New York is not the Bluest city in the nation because so many of us vote Democrat. New York is shaded blue by a massive police presence. There are close to 40,000 police officers in this town and that's not counting the non-sworn employees, an army of traffic cops, tow-truck drives, office personnel and clerks. It is the main reason in the Land of Bureaucracies why the sale tax has gotten close to nine percent and he city payroll tax is the highest in the nation.
There has been an obvious plan in this city to create a docile population by police presence. When we try to have a peaceful protest, police lines are manned at every entrance block except for one or two to confuse and discourage rally goers. The practice of penning citizens in four-sided enclosures was ended by a federal court ruling but it was perfectly acceptable to Giuliani's Nazis until the NYPD has lost in court.
It was good to see that the people have won Times Square back from the police on the pervious News Years Eve. It was a great embarrassment to the people of the United States when the rest of the world tuned in to the New York tradition, only to see small groups of revelers, corralled in little barricades. Our country looked a lot less like a symbol of freedom on New Years Eve when the people were imprisoned in these rectangles and only the police had a little bit of space to enjoy themselves.
While it has become obvious that our "Fourth Estate" has become a collection of big business owners covering up the atrocities preformed by crooked politicians, who are doing the biddings of big business owners, I always believed in The New York Times and Washington Post.
The editors of The New York Times have gone so far down hill so fast, that I find myself wondering if they were ever impartial. Thinking that they were always a conservative rag wearing a disguise to placate the liberal, another smokescreen designed to make it seem like our voice really existed.
Because of the fact that on one occasion, Woodward and Bernstein were allowed to print enough truth to bring down a corrupt Republican regime, The Washington Post has been able to placate the progressive thinkers of America.

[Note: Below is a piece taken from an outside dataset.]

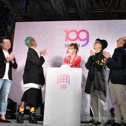 セレモニーには、新ロゴコンテストの審査員を務めた渋谷区長・長谷部健氏、アートディレクターの千原徹也氏、 SHIBUYA109リニューアルのクリエイティブディレクター・五十嵐リンダ渉氏、新ロゴマークをデザインしたハナガキダイジュ氏・池田敦美氏、そしてSHIBUYA109エンタテイメント代表取締役社長 木村知郎氏も登壇した。(modelpress編集部)

Because of the fact that in 1971 The New York Times published an expose on "The Pentagon Papers" and succeeded in getting the Supreme Court lift the government inflicted restraining order against these documents, they have also enjoyed a thirty-four year reputation as a place for truth.
These papers that now enjoy the position of opposing view have a history of stopping when the news is strong enough for the people to take notice. They serve a dual propose to the Republican Party. Every day these paper offer a new insult to our intelligence.